START EXTRACTED RECORDS
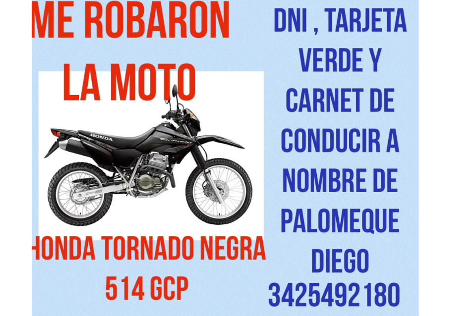 Los delincuentes se llevaron una moto Honda Tornado Negra 514 GCP y una mochila con documentación a nombre de Diego Palomeque.
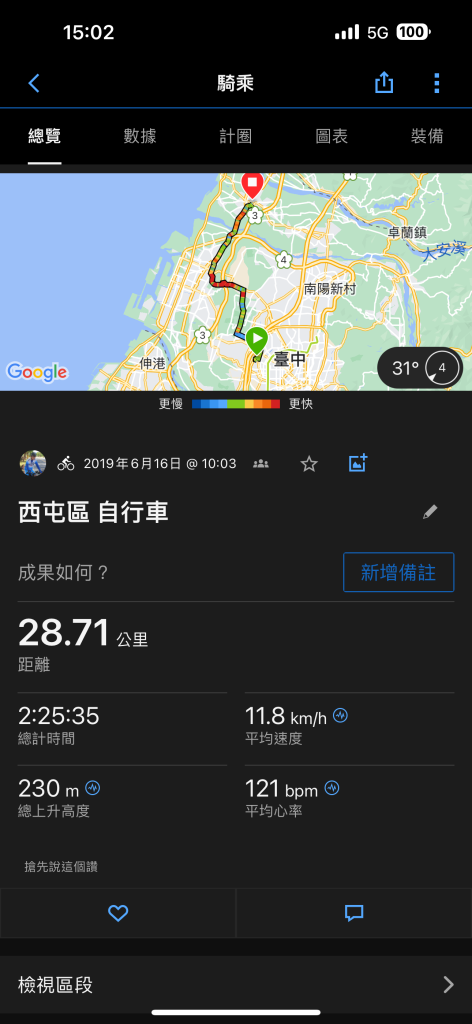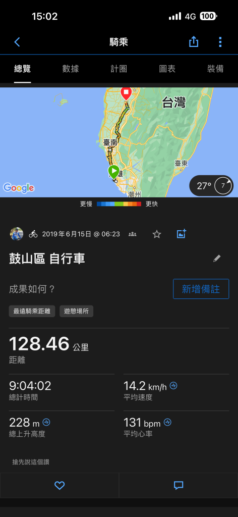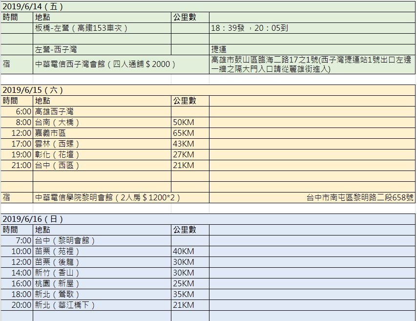 不老騎士之偽環島-四部曲:高雄-台中 by 虎男 Posted on 2019 年 6 月 17 日2024 年 10 月 31 日2019/6/14(五)~2019/6/16(日)原訂的計畫如下,用兩天騎完西部,事實證明我們太高估自己了。騎到台中已經團滅,隔天搭火車回台北XDD帶著車,搭乘高鐵南下高雄來到今晚的住宿點:中華電信西子灣會館房間也太海洋風調整車子必需的消夜左營麥當勞,吃完早餐出發!經過永康工業區台南新市,台一線台南善化,經過曾文溪曾文溪熱爆了來到台南官田路邊一家小吃店吃飯,菜單的羅馬拼音是搞啥的?台南六甲 落羽松森林終於來到後壁騎到這裡剛奛100KM全家便利商店後壁茄苳店,騎到這已經快要陣亡了,屁股已開花奇怪的北迴歸線太陽館北回歸線嘉義民雄,搭火車往台中去哈哈哈,太陽下山了新烏日站月台德州鮮切牛排台中店,吃肉吃肉吃肉星巴克市政門市,沒有車可以拍,拍別人的從高雄騎到嘉義民雄從烏日站騎到台中住宿點台中科學園區在中科迷路了中科,捷安特大甲火車站,準備搭車回板橋幫車子買一張票可以上自行車的電聯班次,不用攜車袋下次繼續 文章閱讀: 271
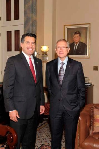 CARSON CITY -- Gov.-elect Brian Sandoval met Tuesday with Senate Majority Leader Harry Reid, D-Nev., in Washington, D.C., to discuss ways to work together to move Nevada out of the recession, according to a statement released by their offices.
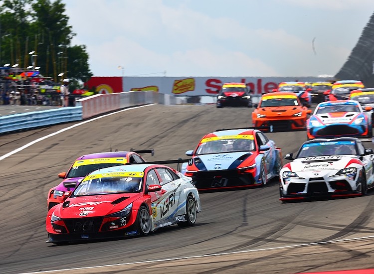No. 99 Hyundai Elantra N TCR drivers Tyler Gonzalez and Eric Powell are photographed on the podium after the LP Building Solutions 120 in Watkins Glen, NY, June 21, 2025. (Photo/Bryan Herta Autosport/Richard Prince Photography)Richard Prince.richard@rprincephoto.com
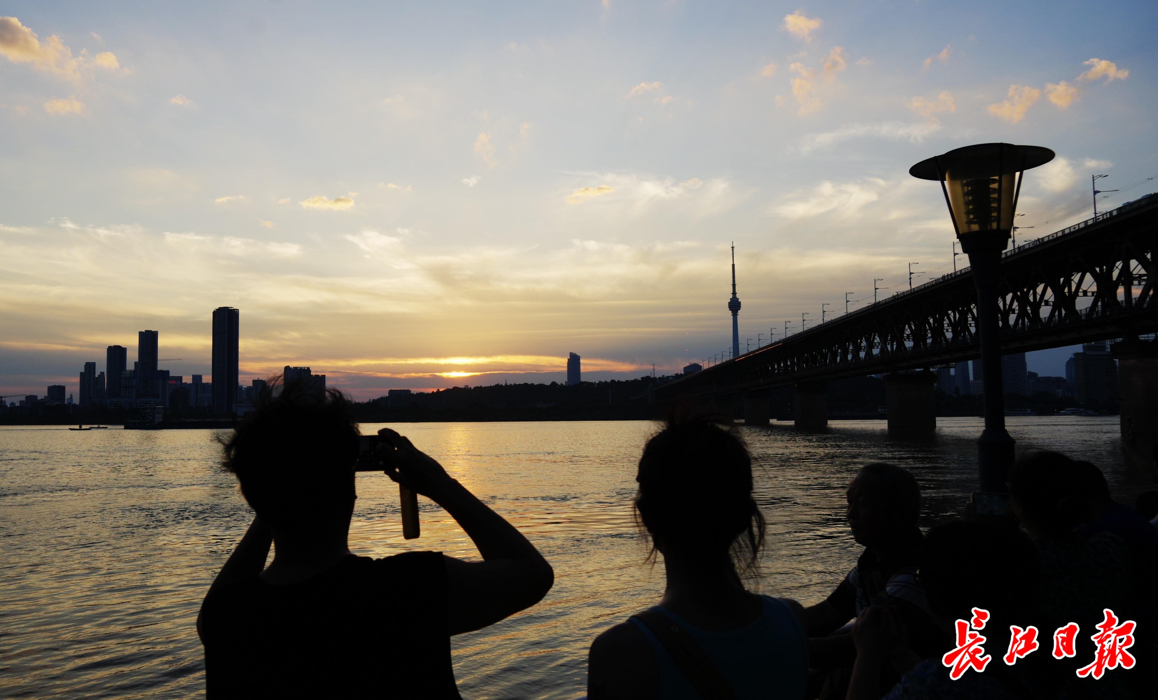 “永远会为武汉的日落橘子海心动!”每至下午5时,在武昌江滩亲水平台与长江大桥上,满是举着相机的年轻人,他们追逐着落日,定格江面被染成橘子色的绝美瞬间。武昌万象城七楼的落日剧场,以高空视角俯瞰长江,玻璃幕墙外,长江如缎带蜿蜒,游轮划出细长水痕,城市与自然在此和谐共生。
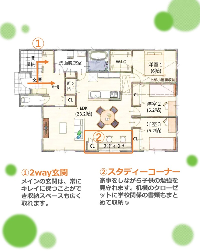 今回の間取りは、キッチンから見えるスタディーコーナーがポイント!
END EXTRACTED RECORDS
**EXERCISE PROMPT:**
Within the listing above, the lines from the one with "CARSON CITY -- Gov.-elect" through the one with "No. 99 Hyundai" are to be given again word for word. Do not include pictures.

**EXERCISE RESPONSE:**
 CARSON CITY -- Gov.-elect Brian Sandoval met Tuesday with Senate Majority Leader Harry Reid, D-Nev., in Washington, D.C., to discuss ways to work together to move Nevada out of the recession, according to a statement released by their offices.
No. 99 Hyundai Elantra N TCR drivers Tyler Gonzalez and Eric Powell are photographed on the podium after the LP Building Solutions 120 in Watkins Glen, NY, June 21, 2025. (Photo/Bryan Herta Autosport/Richard Prince Photography)Richard Prince.richard@rprincephoto.com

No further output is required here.